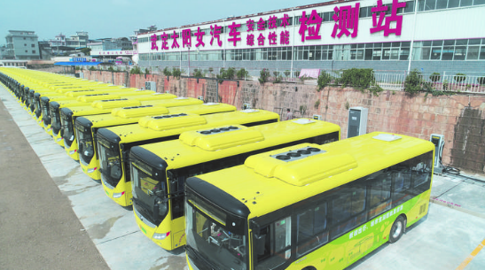 2019年8月,为积极响应国家节能减排号召,推进武定新能源汽车推广应用步伐。由武定太阳女交通旅游有限公司下属的武定县恒通公交有限公司新增购置40辆宇通牌新能源纯电动公交车投入运营,新增投入的40辆新能源纯电动公交车投放在武定县城和主干道上开展运营服务工作,涉及运营线路8条,服务群众上万人,加上原有的45辆公交车,18条公交运营线路,武定县全面实现了城郊公交车全覆盖。切实解决了县城客运拥挤和群众出行难问题,改善了武定城市交通环境,提升城市品位,为打造优秀旅游城市目标奠定了坚实的基础。目前,40辆新能源纯电动公交车配套基础设施充电站已投入使用,42把充电枪配套42个停车位,并能同时启动开展充电服务,在满足公交车充电需求的同时,服务于广大新能源电车车主,及时填补武定县新能源电动车充电空白短板,及时解决充电难等问题,加快新能源电动汽车推广应用步伐,推动武定经济社会持续稳定高速发展。
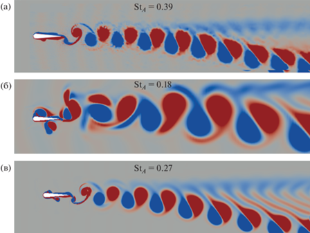Структура следа за профилем, совершающим смешанные колебания при различных значенях StA, представлена на рис. 12. Обратное кармановское расположение в следе наблюдается при StA = 0.12 (рис. 12а). С ростом StA вихри увеличиваются в размерах (рис. 12б и 12в). Вихри у передней кромки отделяются от профиля, медленно движутся к задней кромке и сливаются с вихрями, образовавшимися у задней кромки, образуя обратную дорожку Кармана. Дальнейшее увеличение StA до 0.30 изменяет поведение вихрей у передней кромки. Вихри, образовавшиеся у передней кромки, вместо того чтобы слиться с вихрями у задней кромки, эжектируются в поток и со временем диффундируют в нем. Увеличение StA до 0.36 приводит к росту размеров вихрей у передней кромки и им требуется больше времени, чтобы диффундировать в потоке. Вихри передней кромки, сравнительно небольшие в размерах, располагаются по обе стороны от вихревой дорожки, образованной вихрями с задней кромки. Вихри задней кромки деформируют вихри с передней кромки вскоре после их эжекции в поток, тем увеличивая их диффузию и способствуя установлению обратной дорожки Кармана.
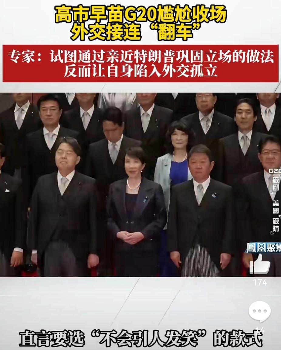 高市早苗G20把外交玩成真人秀,日本网友都喊她下台[吃瓜群众] G20峰会本是大国博弈的舞台,结果被日本首相高市早苗演成了“抓马现场”,堪称年度外交灾难名场面! 这位上任才一个月的“搞事早苗”,真是把“小家子气”刻进DNA了。为了选“不被人瞧不起”的衣服迟到一小时,结果精心打扮半天,还不如等她的那把椅子火,“高市专属迟到椅”表情包直接刷爆全网 。峰会上凑上去跟西方政客套近乎,抱完梅洛尼遭冷脸,合影时被东道主直接无视,尬笑全程像极了强行蹭流量的网红。 更离谱的是她的操作:一边承诺恪守中日声明,一边给“台独”分子授勋,还喊着“台湾有事就是日本有事”的疯话。这下不仅中方怒了,日本网友都炸锅,直言“你是国难”,各地抗议集会不断,满屏都是“高市下台”的呼声 。毕竟谁愿意跟着一个把心思放衣服上、却让国家经济受影响、还想挑事的首相呢? 老祖宗说“相由心生”果然没骗你,心里装着算计和挑衅,再怎么打扮也藏不住阴恻恻的劲儿。大家觉得这波操作是真糊涂还是装疯卖傻?你见过最离谱的外交名场面是什么?评论区聊聊~ 高市早苗外交灾难 G20峰会名场面 相由心生
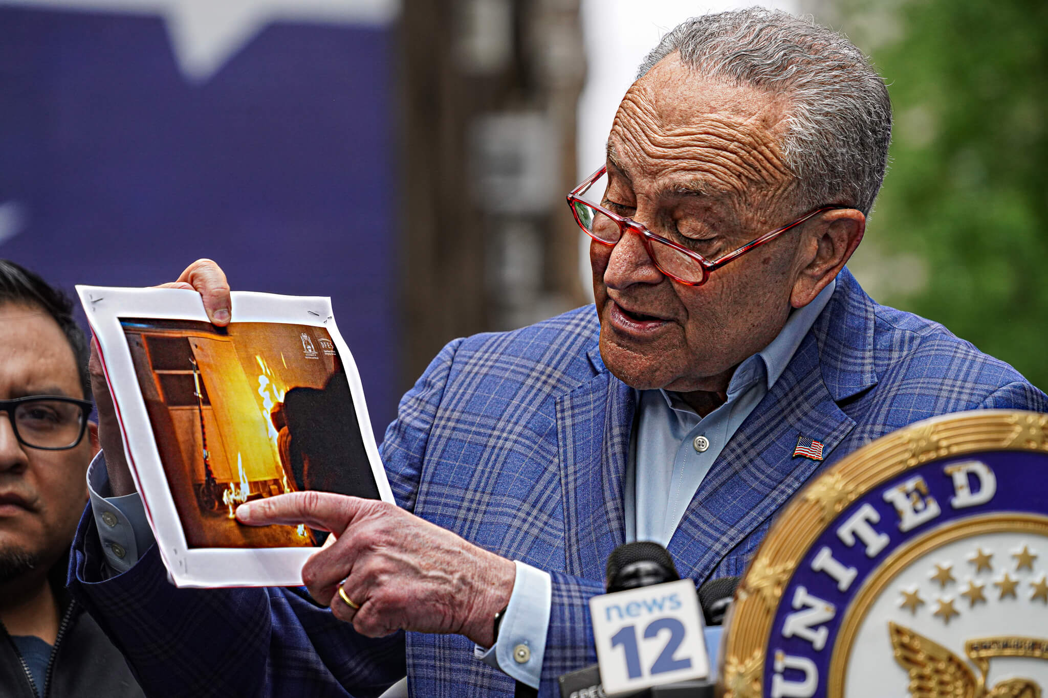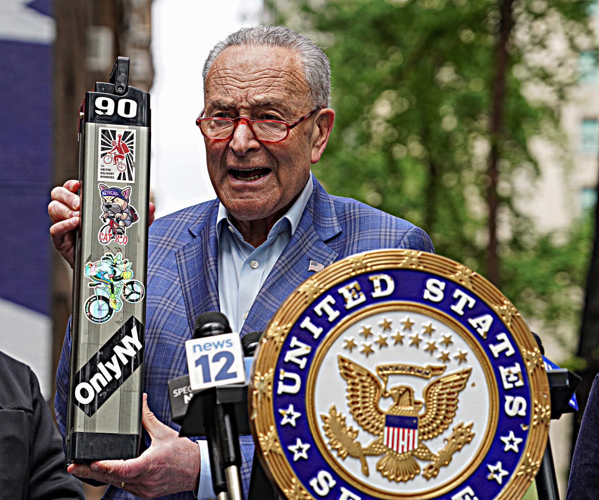 “Over the past few years, there has been a growing number of fires across New York City, in Long Island and beyond,” Schumer said, lifting a Lithium-ion battery. “This is one of these batteries. They’re heavy. They’re important. They catch on fire. That’s the problem. And if you’re riding on a scooter or a bike, or even have it stored in your home, and this catches on fire, you are in big, big trouble.”
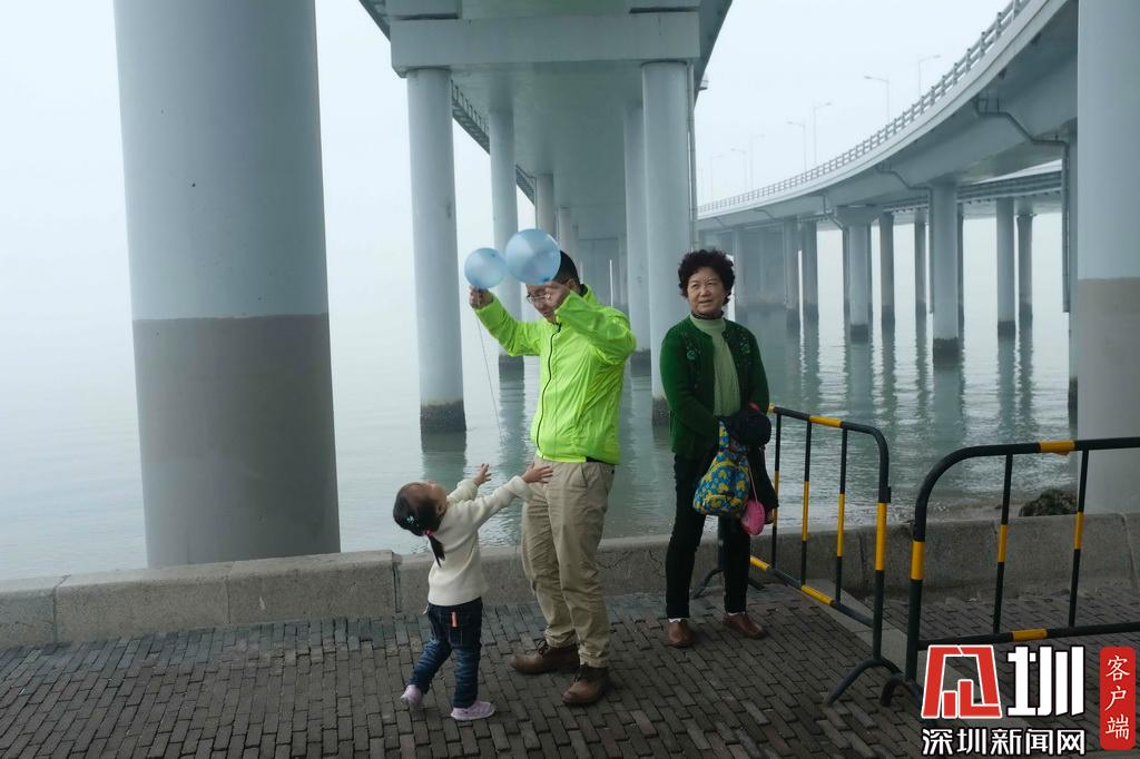 2019年1月5日,深圳灣,一位小女孩正在和父親玩耍。
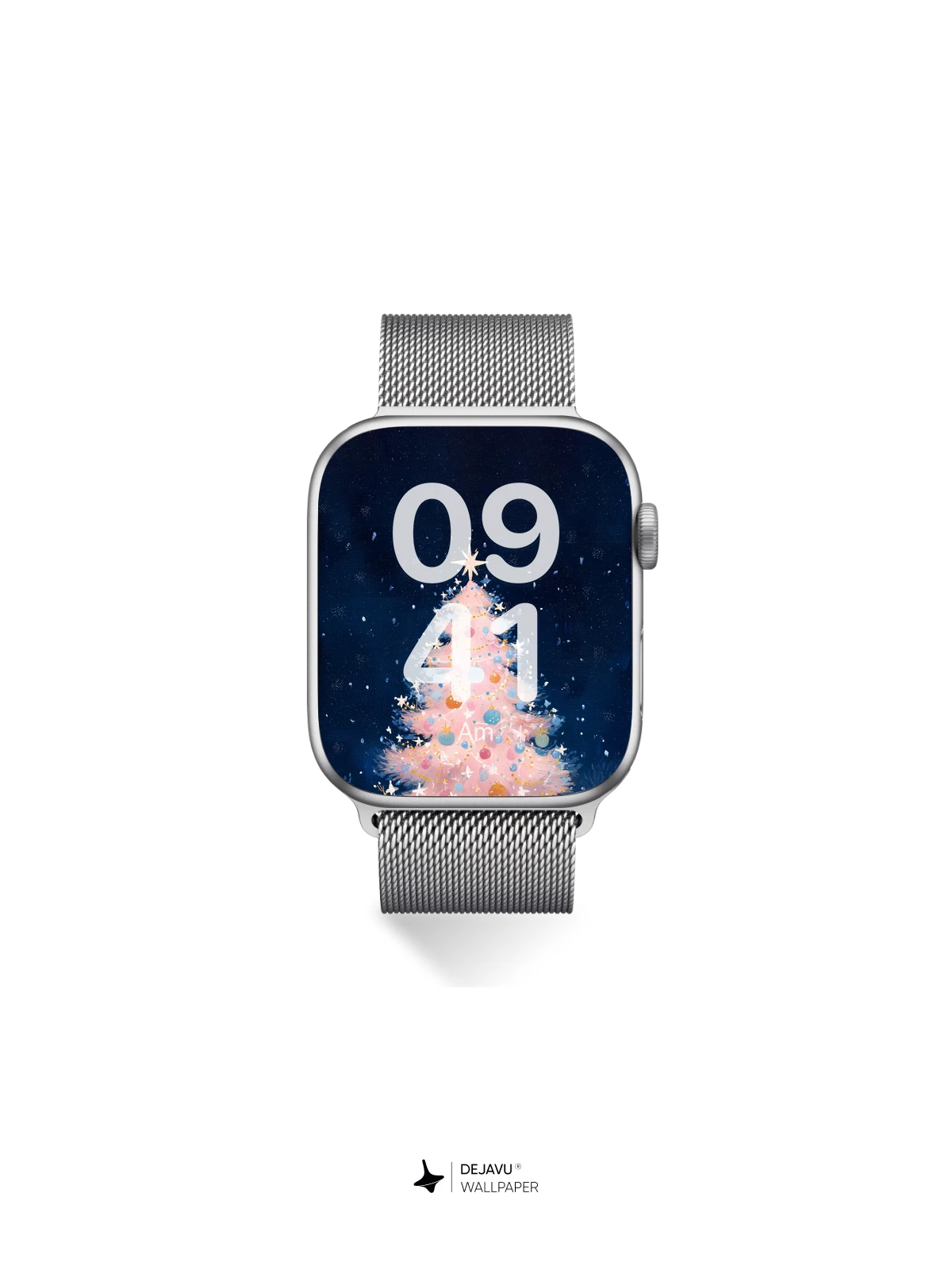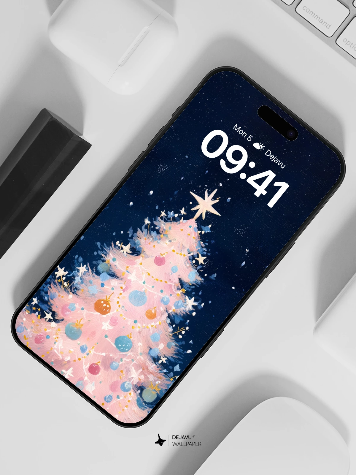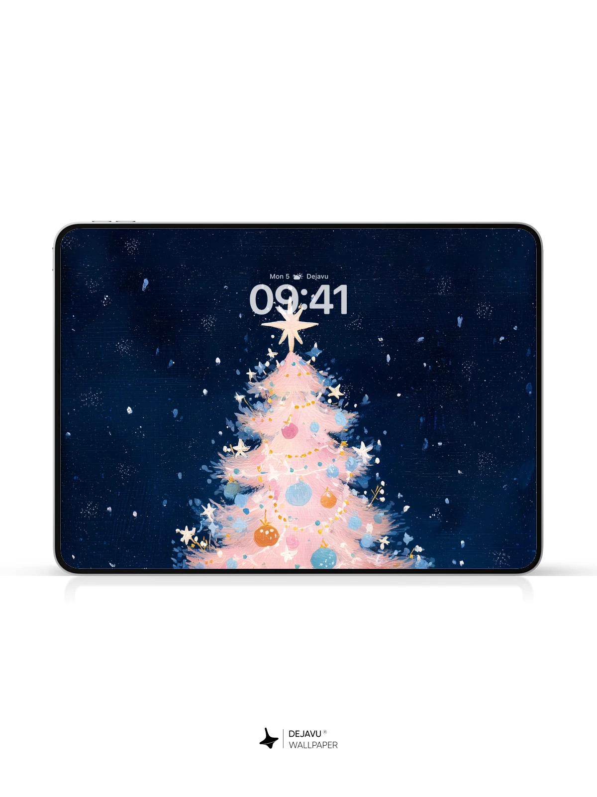 This enchanting illustration captures a whimsical pink Christmas tree illuminated by soft lights and festive baubles, standing alone in a snowy winter landscape beneath a deep blue, star-dusted sky. The dreamlike scene evokes warmth, wonder, and holiday magic, making it an ideal high-resolution 8K wallpaper for iPhone, Android, or any mobile device. Its delicate brushwork and ethereal glow bring a touch of fairy-tale charm to your screen.

EXERCISE GOAL: An exact copy of the records above is needed, free of pictures.

WRITTEN RESPONSE:
 2019年8月,为积极响应国家节能减排号召,推进武定新能源汽车推广应用步伐。由武定太阳女交通旅游有限公司下属的武定县恒通公交有限公司新增购置40辆宇通牌新能源纯电动公交车投入运营,新增投入的40辆新能源纯电动公交车投放在武定县城和主干道上开展运营服务工作,涉及运营线路8条,服务群众上万人,加上原有的45辆公交车,18条公交运营线路,武定县全面实现了城郊公交车全覆盖。切实解决了县城客运拥挤和群众出行难问题,改善了武定城市交通环境,提升城市品位,为打造优秀旅游城市目标奠定了坚实的基础。目前,40辆新能源纯电动公交车配套基础设施充电站已投入使用,42把充电枪配套42个停车位,并能同时启动开展充电服务,在满足公交车充电需求的同时,服务于广大新能源电车车主,及时填补武定县新能源电动车充电空白短板,及时解决充电难等问题,加快新能源电动汽车推广应用步伐,推动武定经济社会持续稳定高速发展。
Структура следа за профилем, совершающим смешанные колебания при различных значенях StA, представлена на рис. 12. Обратное кармановское расположение в следе наблюдается при StA = 0.12 (рис. 12а). С ростом StA вихри увеличиваются в размерах (рис. 12б и 12в). Вихри у передней кромки отделяются от профиля, медленно движутся к задней кромке и сливаются с вихрями, образовавшимися у задней кромки, образуя обратную дорожку Кармана. Дальнейшее увеличение StA до 0.30 изменяет поведение вихрей у передней кромки. Вихри, образовавшиеся у передней кромки, вместо того чтобы слиться с вихрями у задней кромки, эжектируются в поток и со временем диффундируют в нем. Увеличение StA до 0.36 приводит к росту размеров вихрей у передней кромки и им требуется больше времени, чтобы диффундировать в потоке. Вихри передней кромки, сравнительно небольшие в размерах, располагаются по обе стороны от вихревой дорожки, образованной вихрями с задней кромки. Вихри задней кромки деформируют вихри с передней кромки вскоре после их эжекции в поток, тем увеличивая их диффузию и способствуя установлению обратной дорожки Кармана.
 高市早苗G20把外交玩成真人秀,日本网友都喊她下台[吃瓜群众] G20峰会本是大国博弈的舞台,结果被日本首相高市早苗演成了“抓马现场”,堪称年度外交灾难名场面! 这位上任才一个月的“搞事早苗”,真是把“小家子气”刻进DNA了。为了选“不被人瞧不起”的衣服迟到一小时,结果精心打扮半天,还不如等她的那把椅子火,“高市专属迟到椅”表情包直接刷爆全网 。峰会上凑上去跟西方政客套近乎,抱完梅洛尼遭冷脸,合影时被东道主直接无视,尬笑全程像极了强行蹭流量的网红。 更离谱的是她的操作:一边承诺恪守中日声明,一边给“台独”分子授勋,还喊着“台湾有事就是日本有事”的疯话。这下不仅中方怒了,日本网友都炸锅,直言“你是国难”,各地抗议集会不断,满屏都是“高市下台”的呼声 。毕竟谁愿意跟着一个把心思放衣服上、却让国家经济受影响、还想挑事的首相呢? 老祖宗说“相由心生”果然没骗你,心里装着算计和挑衅,再怎么打扮也藏不住阴恻恻的劲儿。大家觉得这波操作是真糊涂还是装疯卖傻?你见过最离谱的外交名场面是什么?评论区聊聊~ 高市早苗外交灾难 G20峰会名场面 相由心生
 “Over the past few years, there has been a growing number of fires across New York City, in Long Island and beyond,” Schumer said, lifting a Lithium-ion battery. “This is one of these batteries. They’re heavy. They’re important. They catch on fire. That’s the problem. And if you’re riding on a scooter or a bike, or even have it stored in your home, and this catches on fire, you are in big, big trouble.”
 2019年1月5日,深圳灣,一位小女孩正在和父親玩耍。
 This enchanting illustration captures a whimsical pink Christmas tree illuminated by soft lights and festive baubles, standing alone in a snowy winter landscape beneath a deep blue, star-dusted sky. The dreamlike scene evokes warmth, wonder, and holiday magic, making it an ideal high-resolution 8K wallpaper for iPhone, Android, or any mobile device. Its delicate brushwork and ethereal glow bring a touch of fairy-tale charm to your screen.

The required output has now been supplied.